Data for this task ::
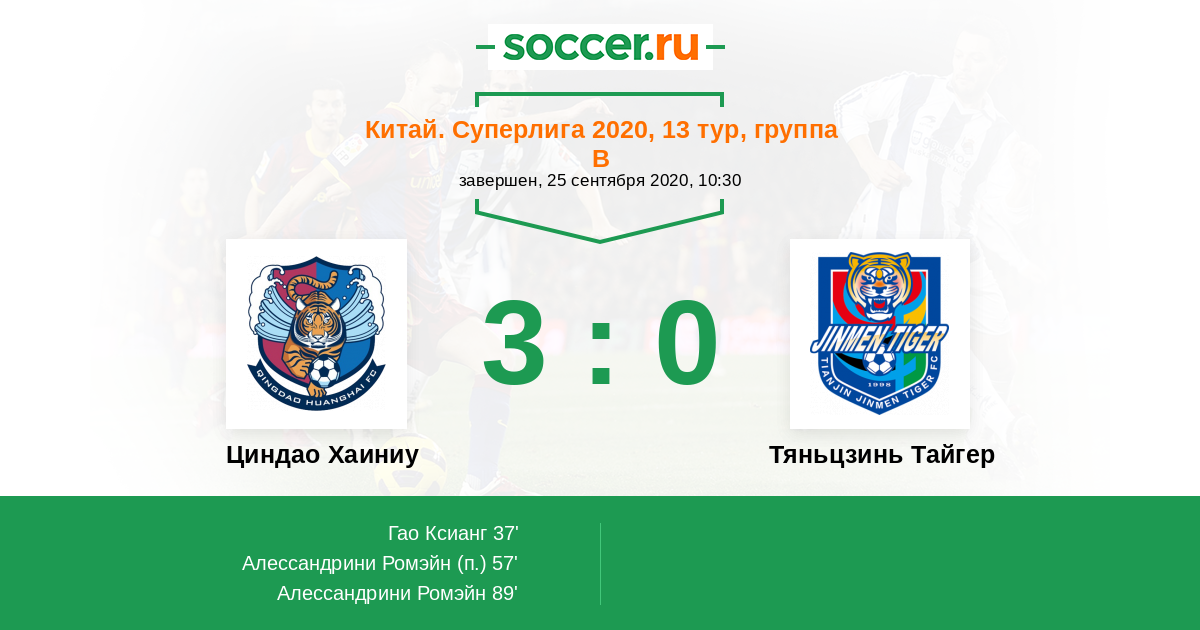 Протокол матча Циндао Хаиниу против Тяньцзинь Тайгер
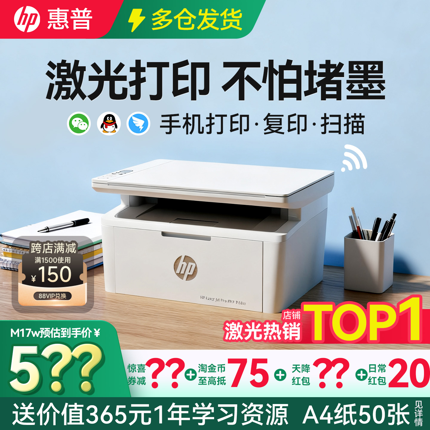 惠普M30w黑白激光无线打印机小型家用复印扫描一体机17可连手机学生作业A4家庭办公专用117W办公室wifi三合一
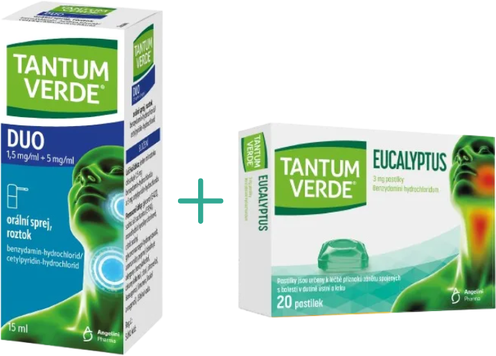 Tantum Verde DUO 1,5 mg/ml + 5 mg/ml orální sprej, roztok 15 ml a Tantum Verde Eucalyptus 3 mg 20 pastilekVše o produktuDoplňující informaceHodnocení produktuTantum Verde DUO 1,5 mg/ml + 5 mg/ml orální sprej, roztok 15 ml
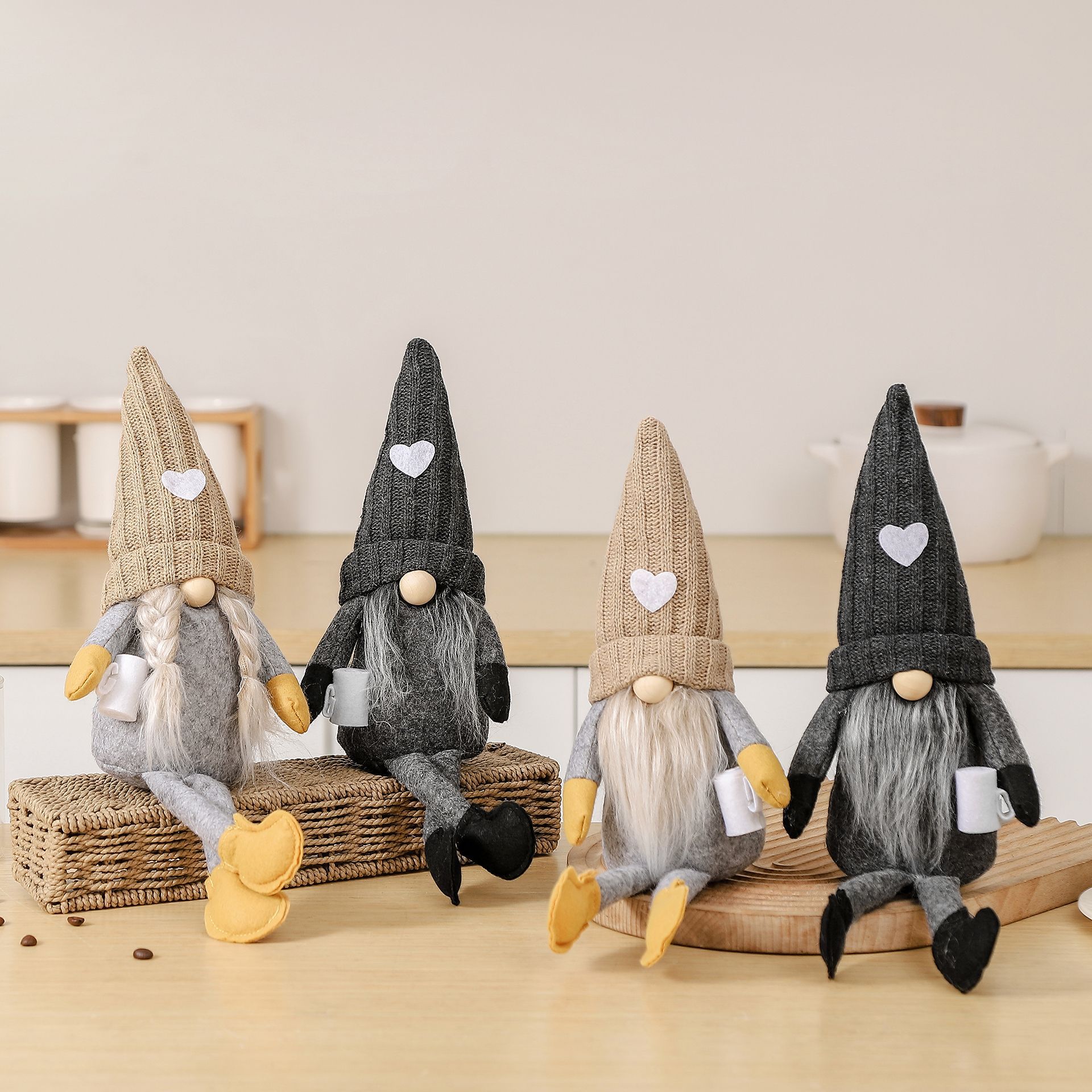 新型クロスボーダー独立駅ニット愛帽公仔アメリカ無顔人形コーヒーカップクリスマス祭り装飾品
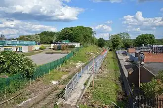The Croxley Green branch was temporarily closed in 1996 when a local road construction scheme severed the line and it was formally closed in 2003.[2] However, Watford Stadium Halt had not been used for some years prior to this, although it is not known exactly when the halt was last used.[3] The halt was not demolished and the station furniture, including the lampposts and signage, was left in situ. Despite nature reclaiming the station, the platforms and station furniture (apart from the station nameboards) were still in place when clearance work in preparation for the Croxley Rail Link began.[3][4] This was a proposal to extend the London Underground Metropolitan line to Watford Junction. The project would have involve re-opening part of the Watford and Rickmansworth line and running the Metropolitan line along this line, and the construction of two new stations. Watford Stadium Halt would not re-open. One of the new stations, Watford Vicarage Road, to be located on the other side of the Vicarage Road bridge, would serve Watford General Hospital and the football stadium.[5][6]
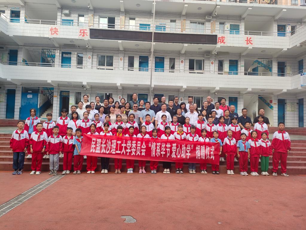 参观结束后,大家前往民盟湖南省委会对口帮扶的五所小学之一的七星关区毕节十二小出席“情系毕节 爱心助学”捐赠仪式。七星关区委常委、区委办主任、区委统战部部长戴德润在捐赠仪式上致辞,对民盟云顶国际vip8866的助学大爱表示衷心感谢云顶国际vip8866校友总会会长、校侨联主席洪源渤郑重授牌民盟湖南省委会副主委、云顶国际vip8866副校长曾祥君发表讲话,他指出毕节在革命战争年代中华民族共同意识,也是当代现代化建设中各民族同心协力共同奋进的典范。他阐释了民盟云顶国际vip8866委员会对口帮扶毕节十二小义务教育高质量发展的具体举措,同时激励毕节十二小的孩子们立志成为未来毕节和祖国现代化建设的主力军。

Goal of the exercise ::
No picture is to be printed. Output exactly the lines above from the line containing "ml a Tantum" through the line containing "新型クロスボーダー独立駅ニッ".

Result for this exercise ::
 Tantum Verde DUO 1,5 mg/ml + 5 mg/ml orální sprej, roztok 15 ml a Tantum Verde Eucalyptus 3 mg 20 pastilekVše o produktuDoplňující informaceHodnocení produktuTantum Verde DUO 1,5 mg/ml + 5 mg/ml orální sprej, roztok 15 ml
 新型クロスボーダー独立駅ニット愛帽公仔アメリカ無顔人形コーヒーカップクリスマス祭り装飾品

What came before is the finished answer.